Masaaki Taira, the head of Japan's National center for Cyber Security Strategy, said that a new AI can execute cyberattacks significantly faster than humans [1].
The emergence of autonomous AI tools capable of identifying system vulnerabilities in real time threatens to render existing national defense frameworks obsolete. If AI can automate the discovery and exploitation of software flaws, the window for human operators to patch systems may close before an attack is even detected.
Taira, a member of the Liberal Democratic Party and former digital minister, discussed the threats posed by "Claude Muttos," an AI developed by Anthropic [1]. Taira said this specific AI is capable of searching for vulnerabilities autonomously and performing cyberattacks at a speed three to five times faster than the world's top human hackers [1].
This capability represents a shift from AI being used as a supportive tool for writing code to AI acting as an autonomous agent in offensive operations. The speed of these attacks could overwhelm traditional security monitoring systems that rely on human intervention to analyze and stop intrusions.
Taira spoke about these risks during an interview recorded on May 21, 2024 [1]. He said that the Japanese government is currently recognizing these threats and considering new countermeasures to strengthen the nation's cyber security posture [1].
Existing defenses often rely on the assumption that a skilled human attacker requires a certain amount of time to research a target and craft a custom exploit.
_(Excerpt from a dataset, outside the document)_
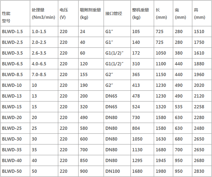 博菱系列无热再生吸附式干燥机选型参数表:
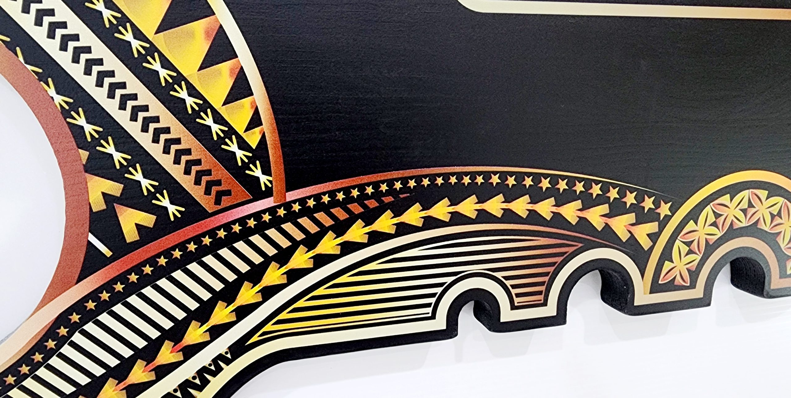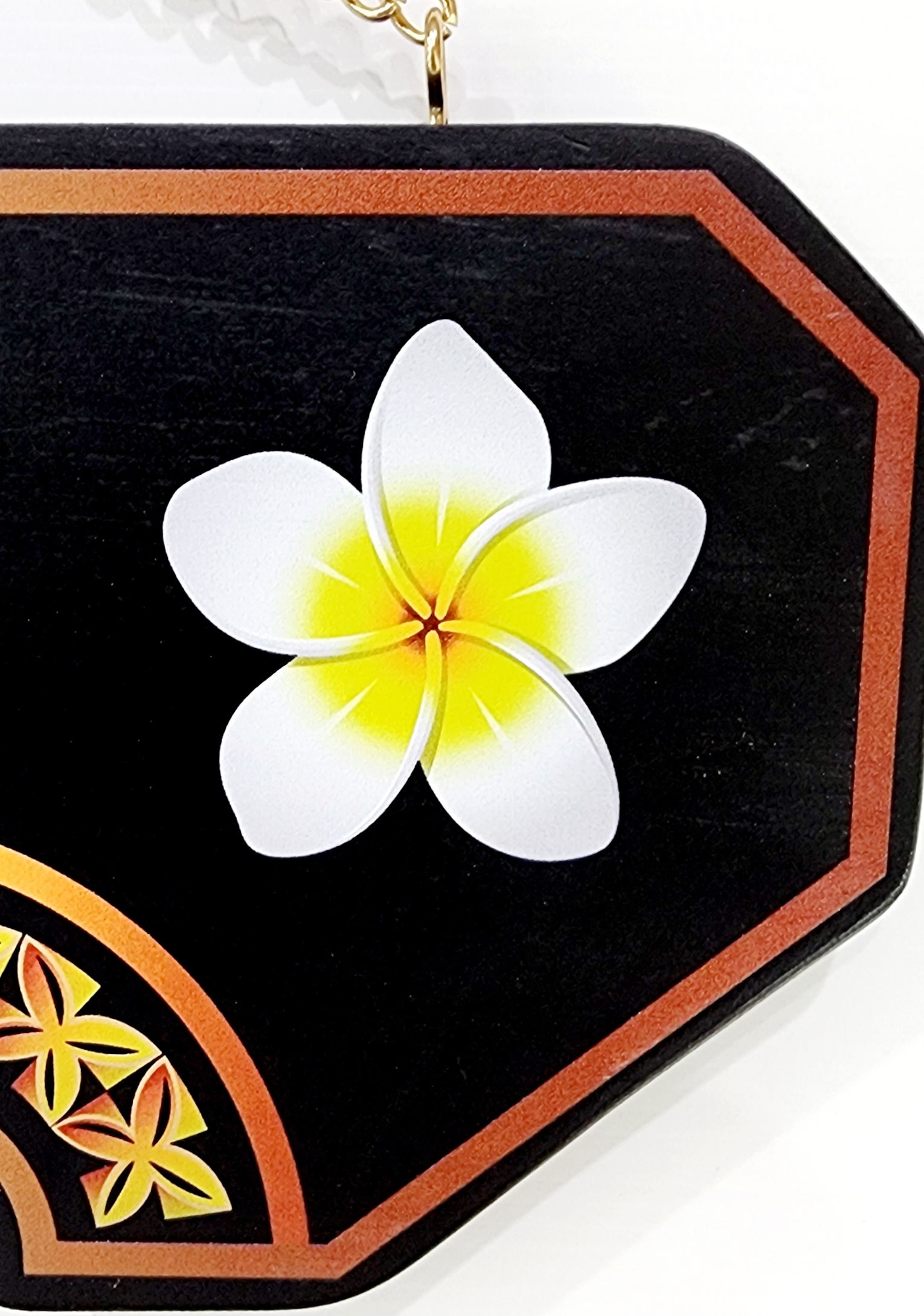 This birthday key is made out of solid timber with black base colour. On top of the black colour there is golden red theme UV printed island patterns with white frangipani flower on the far right hand side

However, an AI that operates at multiple times the speed of a human expert removes that temporal advantage, potentially allowing a single actor to launch widespread, high-precision attacks across critical infrastructure simultaneously [1].
“AI is capable of searching for vulnerabilities autonomously and performing cyberattacks at a speed three to five times faster than the world's top human hackers.”
The transition from human-led to AI-driven cyber warfare creates a 'speed-of-light' vulnerability gap. When offensive AI can identify and exploit flaws faster than human teams can patch them, the only viable defense becomes 'AI vs. AI' security, where autonomous defensive agents must be deployed to counter autonomous threats in real time.